L’émission a frisé la catastrophe. Une minute par candidat ou doublure de candidat pour s’exprimer sur 4 thèmes : la dette, l’emploi, l’immigration et le nucléaire. Si la presse écrite tend à rejoindre les formats de la BD, une image une légende, la télévision devrait prendre garde à ne pas déraper dans le spot publicitaire. Traiter la dette en une minute ! Et pourquoi pas en dix secondes tant qu’on y est ? Avec interdiction de débattre évidemment. Notez, depuis que Twitter nous apprend à nous exprimer en 140 signes, c’est fou le nombre de choses inutiles que nous faisons dans une précipitation extrême pour nous convaincre que décidément, il faut aller encore plus vite car le temps ne cesse de se rétrécir.

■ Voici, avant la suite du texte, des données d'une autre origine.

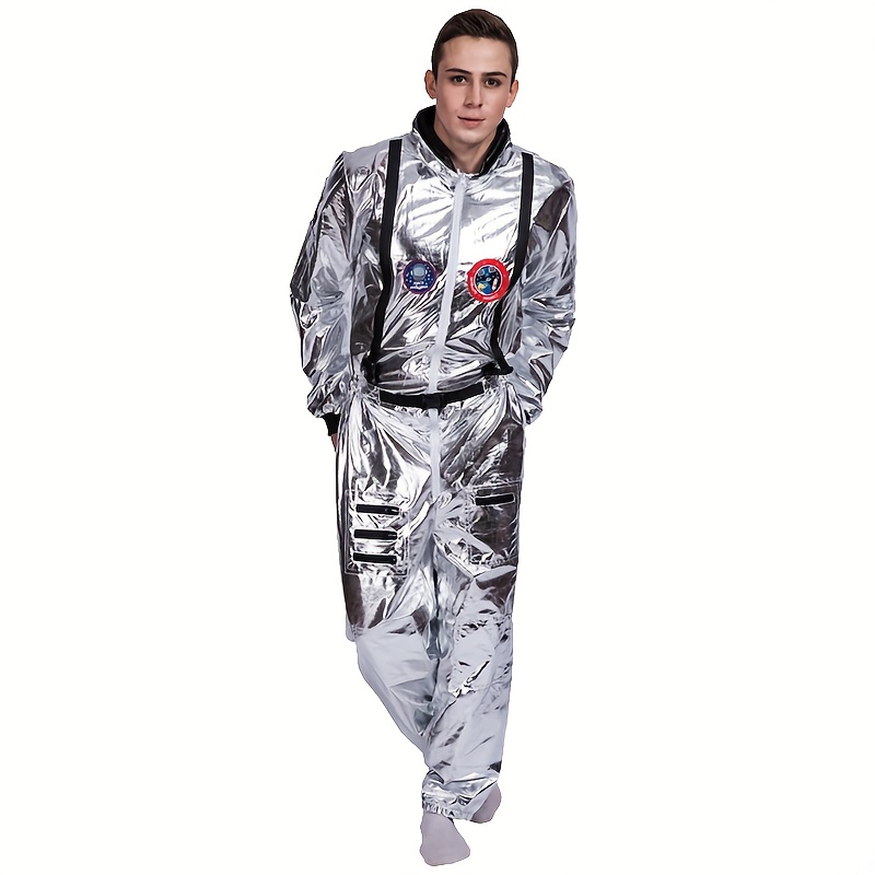 TEMU 남성용 우주비행사 의상 - 은빛 우주복, 빨간색 & 파란색 패치, 검은색 스트랩, 그리고 할로윈, 코스프레, 또는 테마 파티용 골든 악센트, 코스프레 의상 | 스트리트 스타일 의상 | 내구성 있는 의상, 할로윈 의상

Bref, l’émission aurait pu tourner à la guignolerie. Un mélange de Question pour un champion revu et corrigé par Les Inconnus et de la Nouvelle Star. Ce d’autant plus qu’on nous annonçait avec enthousiasme une participation gadget des téléspectateurs via Facebook. Une première en Europe, songez donc ! Finalement, Yves Calvi s’en est bien sorti, confirmant que la curiosité tranquille et la fermeté non dénuée d’humour pouvaient faire des miracles sur le terrain journalistique. De fait, ce quizz improbable a permis de mettre en lumière la position de chaque formation politique sur le grand échiquier des présidentielles. A défaut d’avoir le loisir de s’expliquer convenablement, chacun a eu celui de se distinguer des autres. En une minute, impossible de s’adonner aux fioritures habituelles. C’est oui ou c’est non, sans dérapage possible dans la rhétorique du camelot. Un petit coup de rasoir d’Ockham et nous voici soudain plus au clair. Dans un pays aussi bavard que le nôtre, ce n’est finalement pas idiot d’imposer la synthèse.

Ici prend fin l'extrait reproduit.